(425d) 3D Printing of Reactive Porous Media: Impact of Surface Functionalization on Mineral Growth Kinetics

There is a growing need to reduce the level of carbon dioxide (CO₂) in the atmosphere as the increasing atmospheric CO₂ has led to increases in global temperatures and other climate change impacts. Geological carbon sequestration aims to store captured CO₂ in deep geological formations. Therefore, understanding the rates and mechanisms of geochemical reactions is vital in these subsurface systems when exposed to CO2 is critical. As natural samples are heterogeneous and non-duplicative, we investigate methods for fabricating synthetic replicates of reactive rock samples using 3D printing to assess the impact of mineral dissolution and precipitation on porosity and permeability. X-ray Micro CT images of natural samples was used to generate 3D models for fused filament fabrication 3D printing of high impact polystyrene. Surface functionalization was applied to sulfonate the 3D printed surfaces, where the sulphonic acid moieties will subsequently seed calcite growth. FTIR spectroscopy was employed to confirm the surface presence of sulfonic acid groups. Precipitation of calcite crystals on 2D reactive HIPS films was evaluated gravimetrically, by X-ray Micro-CT and by XRD analysis. Weight based precipitation experiments show gradual increase in the calcite deposition on the 2D films over time. To analyze the effect of surface functionalization, the 2D films were surface functionalized over time and calcite deposition flow experiments were performed and confirmed that increase in surface functionalization facilitates improved deposition of calcite on 2D films.

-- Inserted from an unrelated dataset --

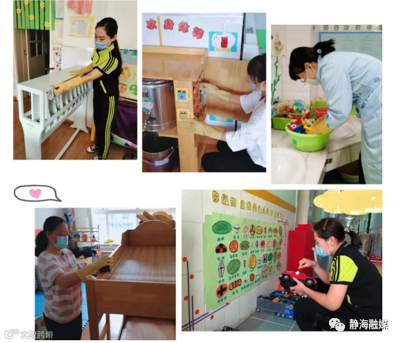 同时,全体教职工在开园前对幼儿园室内外进行了全面、科学、细致的清洁消毒,竭力做到环境卫生不留死角,清洁消毒不留空白,确保幼儿返园后有一个安全的生活、游戏环境。
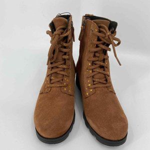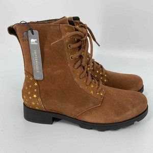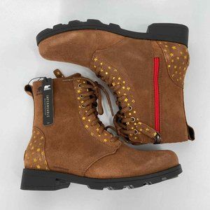 Brand New Sorel Emelie Boots Waterproof Leather Combat Shimmer Stars Tan Girl's Size 5 M.

This approach is extended to 3D printed core samples and batch experiment showed internal precipitation of calcite as confirmed by XRD. Overall, this study helps to evaluate the reactive rock sample replicate’s mineral reaction and precipitation within the porous structures using 3D printing, mimicking geochemical reactions from geochemical systems, and facilitating the understanding of geological reactions caused by CO₂ storage in sub-surface systems.